Reliquary - Douglas Preston and Lincoln Child


Blurb from the Authors Website

How to write a sequel that could follow Relic, one of the most successful techno-thrillers ever written? That was the problem facing Douglas Preston and Lincoln Child when they agreed to write Reliquary. What setting could top the New York Museum of Natural History?
That was when Preston and Child realized there was only one solution. And that was to follow the Museum Beast itself. And that way led underground. Deep underground...
Hidden beneath Manhattan is a warren of tunnels, sewers, and galleries, mostly forgotten by those who walk the streets above. There lies the ultimate secret of the Museum Beast...

When two grotesquely deformed skeletons are found deep in the mud off the Manhattan shoreline, museum curator Margo Green is called in to aid the investigation. Margo must once again team up with police lieutenant D'Agosta and FBI agent Pendergast, as well as the brilliant Dr. Frock, to try and solve the puzzle. The trail soon leads deep underground, where they will face the awakening of a slumbering nightmare.

My Review

As I’m sure you can tell from the blurb this book is a sequel to Relic and the second book in a series of books involving Special Agent Prendergast.

I enjoyed this book almost as much as the first one. My only quibble with this was the beginning was just a little slow. It took me almost a week to get through the first 1/3 of the book and then 2 days to finish it. In Relic there was plenty of suspense beginning to end. In Reliquary the first 150 pages is made up all most entirely of investigations by police officers, political bickering, scientific experiments and lots remembering going on. There were only a couple of scenes with the monster(s) and these were usually only 1 or 2 pages long. Once this book got going though holy moly was it a quick read.

One of the main reasons I liked the first book so much was the characters and this book was no different. A lot of the time with thriller/suspense type novels so much effort is spent on the action that I find the characters lacking. Not so with Preston and Child. These are really good, well written characters. They are all multi layered and well developed and you find yourself really caring about the good guys and rooting for the bad guys to get their just desserts.

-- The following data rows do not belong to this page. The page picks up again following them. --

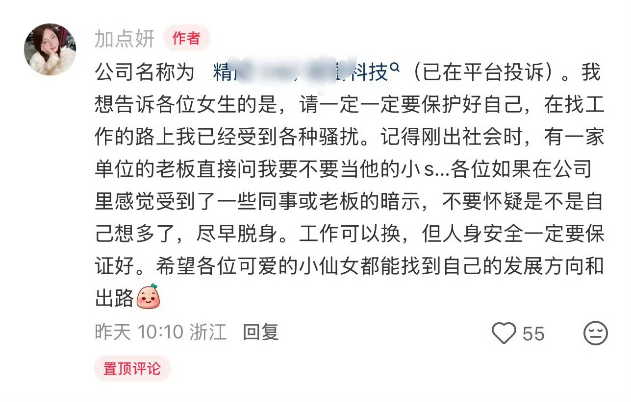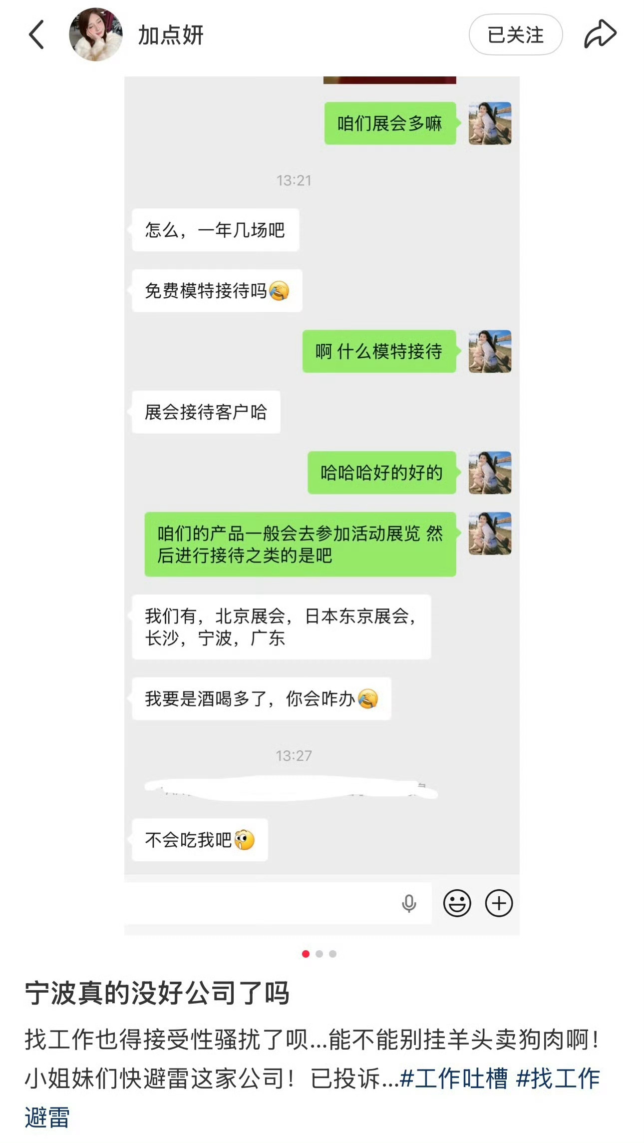 宁波女网友面试对方问如果我喝了酒你不会吃我吧 网友“加点宴”发帖吐槽:宁波真的没好公司了吗找工作也得接受性骚扰了呗…能不能别挂羊头卖狗肉啊!小姐妹们快避雷这家公司!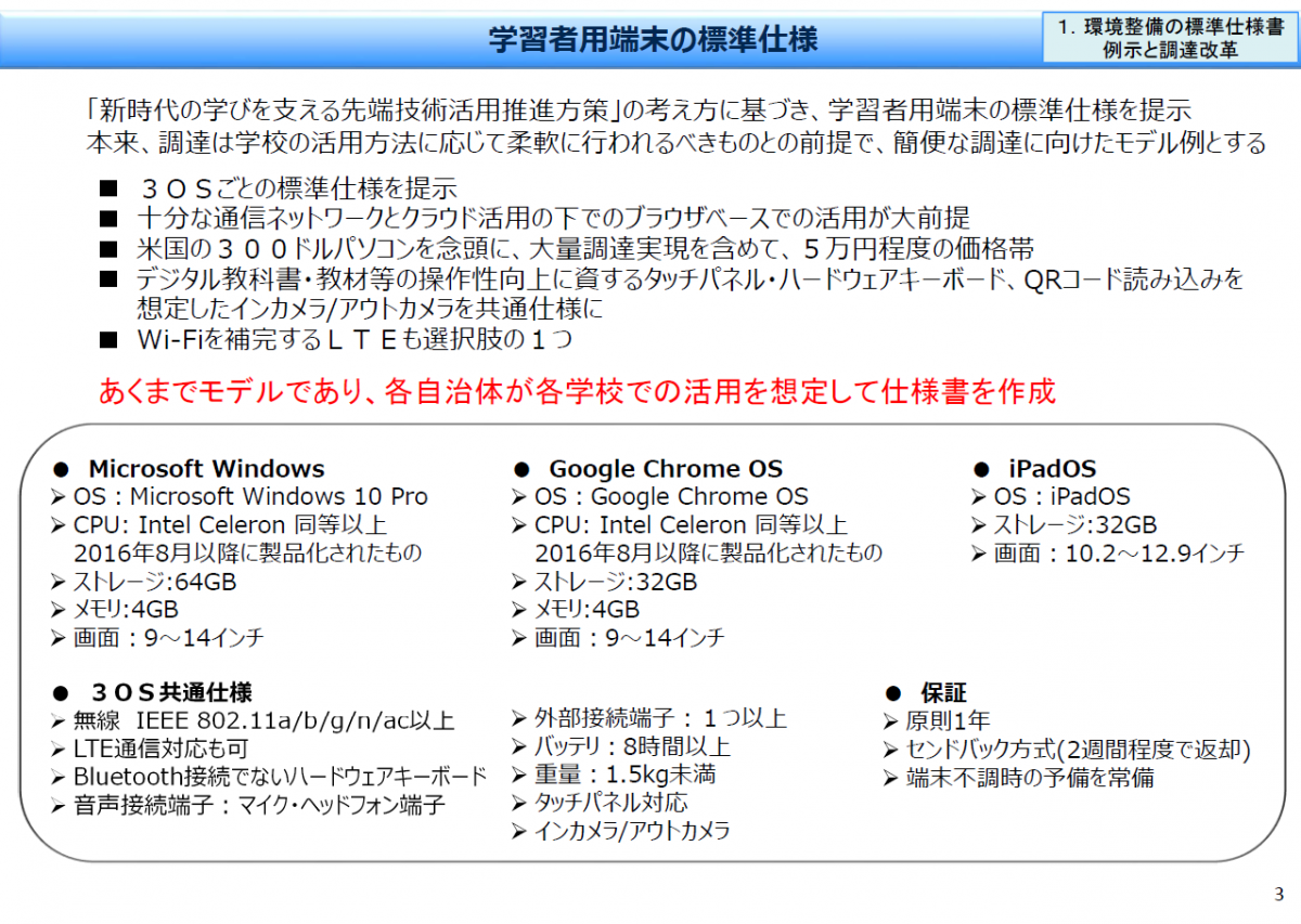 端末の標準仕様、校内LAN整備の標準仕様を例示し、都道府県レベルでの共同調達を推進。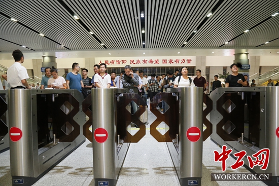 新乡东站自动的闸机前等待乘车的旅客们,将迎来李菊和她的同事们的温馨服务。(王振兴摄)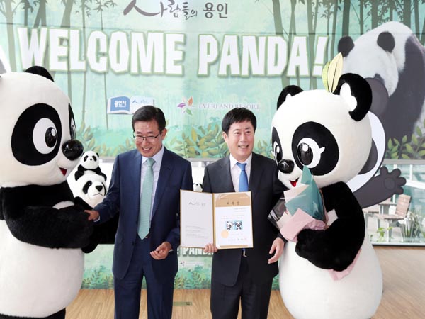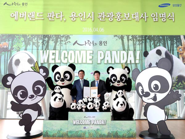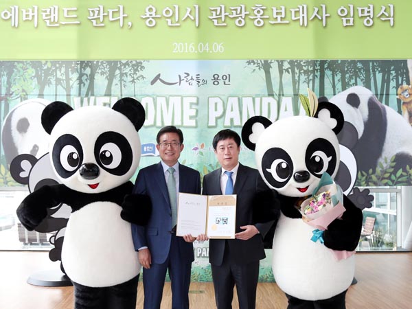 용인시는 7일 판다 인형이 있는 시청 1층 로비에서, 정찬민 시장과 김봉영 삼성물산(주)리조트 부문 사장이 참석해, 에버랜드 판다를‘용인시 관광홍보대사’로 위촉했다고 밝혔다.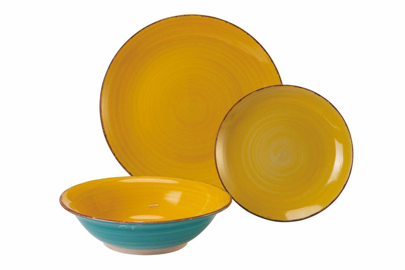 Handbemaltes Steingut: Stärke und Einzigartigkeit Teller aus Steingut fallen sofort durch die starke Persönlichkeit auf, die durch die Robustheit des Materials zum Vorschein kommt. Sie sind dick und widerstandsfähig, halten die Wärme heißer Gerichte und erleichtern das Servieren. Jeder Teller ist ein Unikat: handbemalt, behalten sie originale und unnachahmliche Details bei, die sofort in den Pinselstrichen, Dekorationen, Oberflächen und im Endeffekt sichtbar sind, der mit dem Gerät zurückgegeben wird. Bringen wir Farbe in den Tisch. Der Suppenteller aus dem Service Baita färbt seine Unterseite in den gleichen Farben wie der flache Teller und der Obstteller. Das Ergebnis? Ein reichhaltigerer, intensiverer Tisch mit einer doppelten Seele, die es zu entdecken gilt.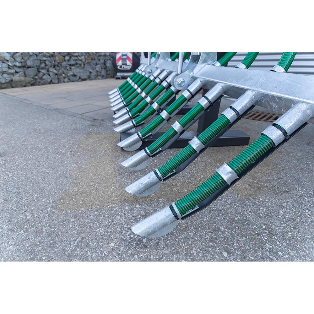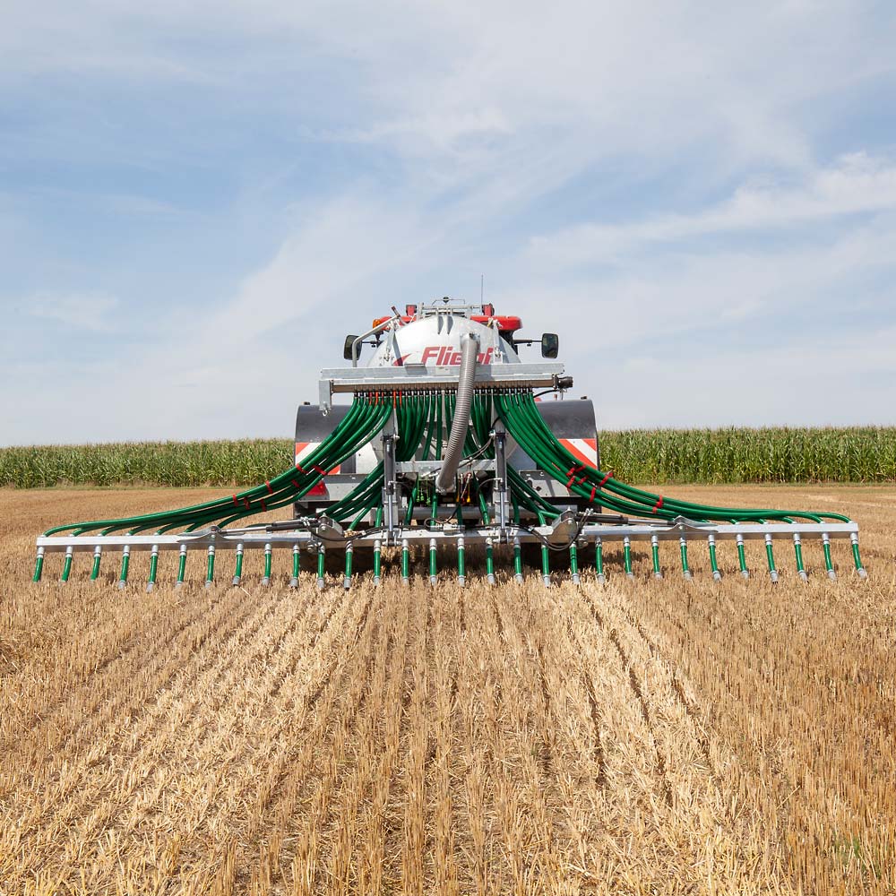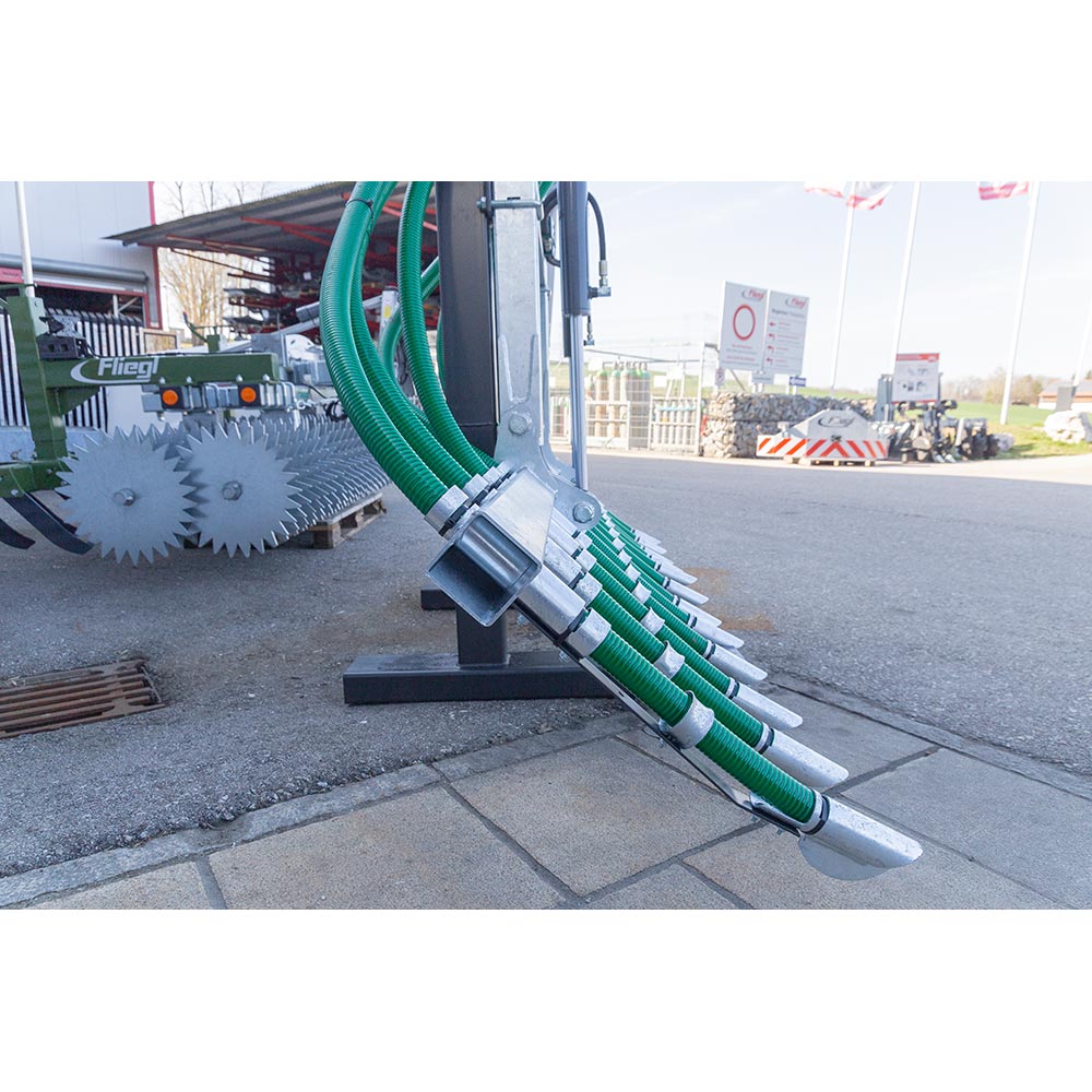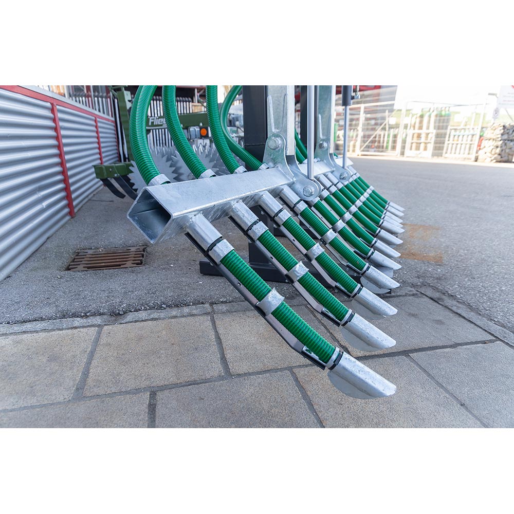 La solution de rééquipement universelle pour rampe avec des options supplémentaires spéciales – la rampe à patins « Compact » de Fliegl peut être facilement rééquipée sur chaque tonne à lisier et ce kit prémonté est opérationnel en quelques minutes. Le lisier est acheminé dans les tuyaux grâce à notre système de répartition à vis sans fin breveté FLIEGL. Le système de répartition à vis sans fin permet d’éviter tout phénomène de bouchage en acheminant les corps étrangers en bout de chaîne dans un bac pierre. Il permet également la bonne répartition du lisier sur toute la largeur de la rampe. La surface des champs n'étant pas toujours régulière, la rampe « Compact » possède une compensation de dévers intégrée. Grâce à leur forme coudée spéciale, les lames en acier flexible utilisées permettent de s'adapter parfaitement au sol et de garantir une pression uniforme sur tous les patins.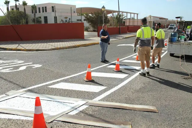 remarcando y mejorando la señalización horizontal de tráfico, como pasos de peatones, stops, líneas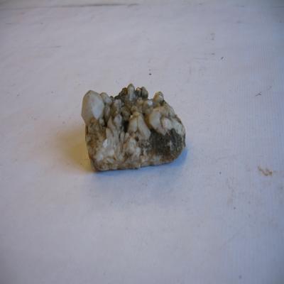 Hematites micáceo (negro metálico intenso) cristalizado junto a pequeños cristales de calcita (blancos).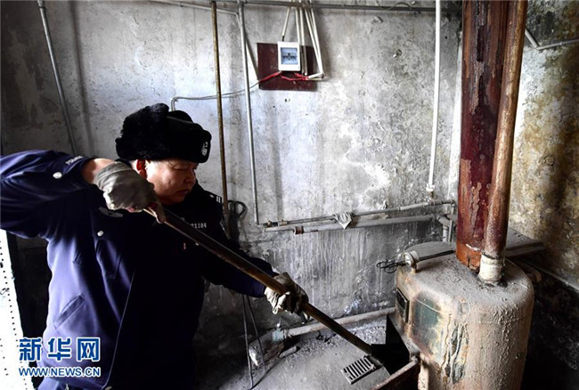2月21日,王建康在往鍋爐里加煤。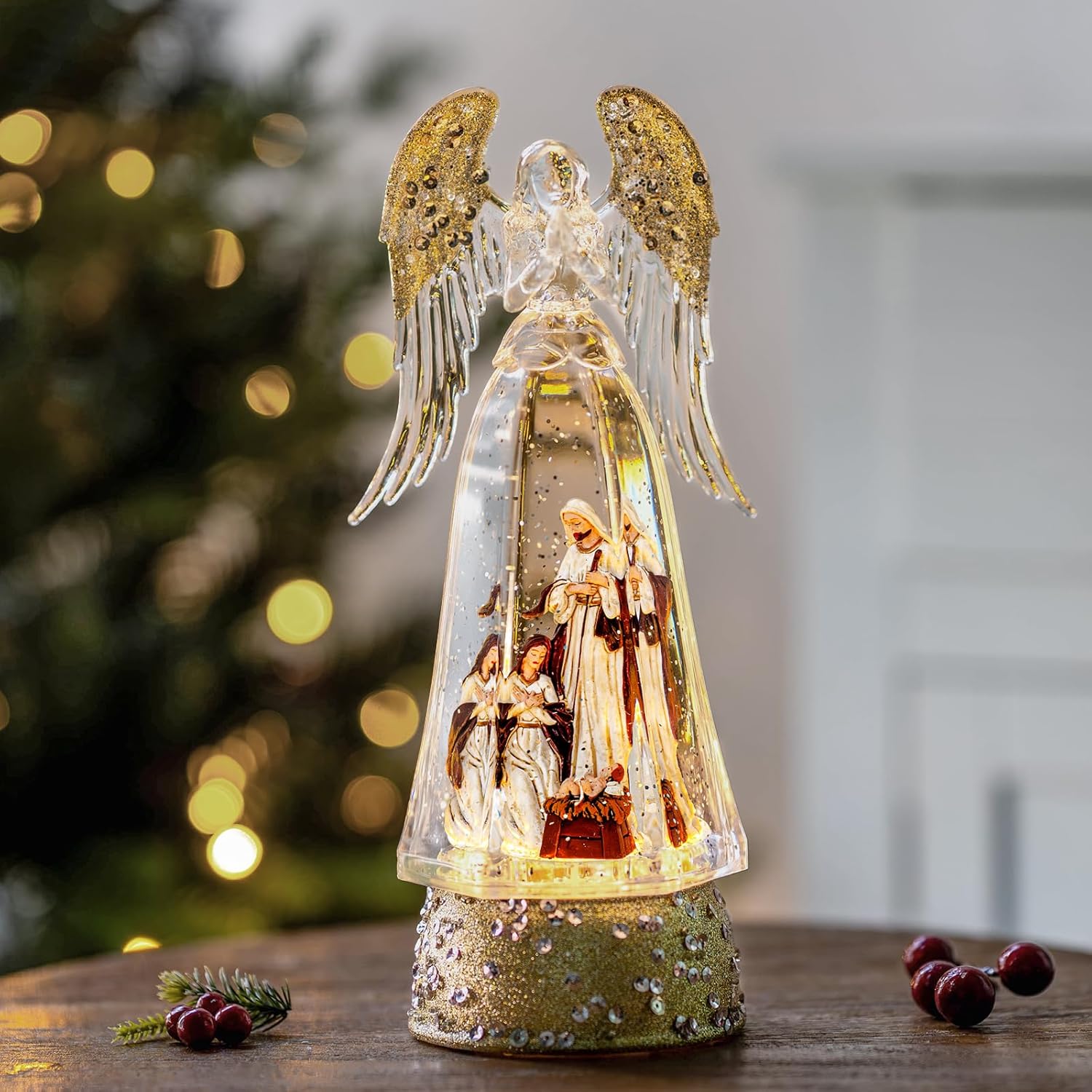 - 🪽【Lighted Angel Figurine】Crafted from acrylic with shimmering gold accents, this elegant Angel features praying hands and looking over the nativity scene. When turned on a warm LED shines on the figurine and swirling glitter to gives our Christmas globe a whimsical look for the Christmas Holiday season.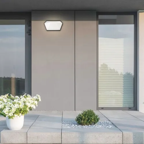 A Salvador kültéri fali lámpa különleges kialakításának köszönhetően biztosan nem marad észrevétlen. A formáját tekintve leginkább kristályra emlékeztető modell ideális választás lehet modern bejárati ajtónk fölé, vagy akár a verandánkra. A fémből készült lámpatestet műanyag búra egészíti ki, a lámpa fekete-fehér színben készül. A Salvador beépített LED fényforrással rendelkezik, melynek teljesítménye 10 W, fényereje 543 lumen, színhőmérséklete 4000 K. A természetes fehér fénnyel világító fényforrás élettartama mintegy 20 000 óra. A fali lámpa méretei a következők: szélessége 240 mm, magassága 130 mm, faltól való távolsága 58 mm. A Salvador kültéri lámpa IP65-ös védettséggel rendelkezik, azaz por behatolása, valamint kisnyomású vízsugár ellen védett. Erre az egyedi modellre 5 év garanciát vállalunk.

Even the characters who are only present for a small part of the story are wonderfully drawn.

Agent Prendergast is still my favourite character out of the books and I was disappointed that he didn’t have a larger part to play in it.

The style of this book really works for me as well. For the most part (there are some exceptions) the book is divided up into fairly big chapters and each chapter is a different character in a different place and the endings are almost always left on a cliffhanger. I find cliffhangers effective anyways but you when you have to get through three or four chapters with different characters all being with cliffhangers before you can find out what happened in the first chapter you read… well it makes it very difficult to put down the book and finally get to sleep! Unless of course the battery in your book light dies and your too freaked out to go downstairs and find a new one J.

Overall if you liked the first book you will most likely enjoy this one as well. If you haven’t read the first one I would definitely start there. They do go over a lot of the info from the first book in the second so you wouldn’t be totally lost but I think you would lose a lot of what makes these characters so special.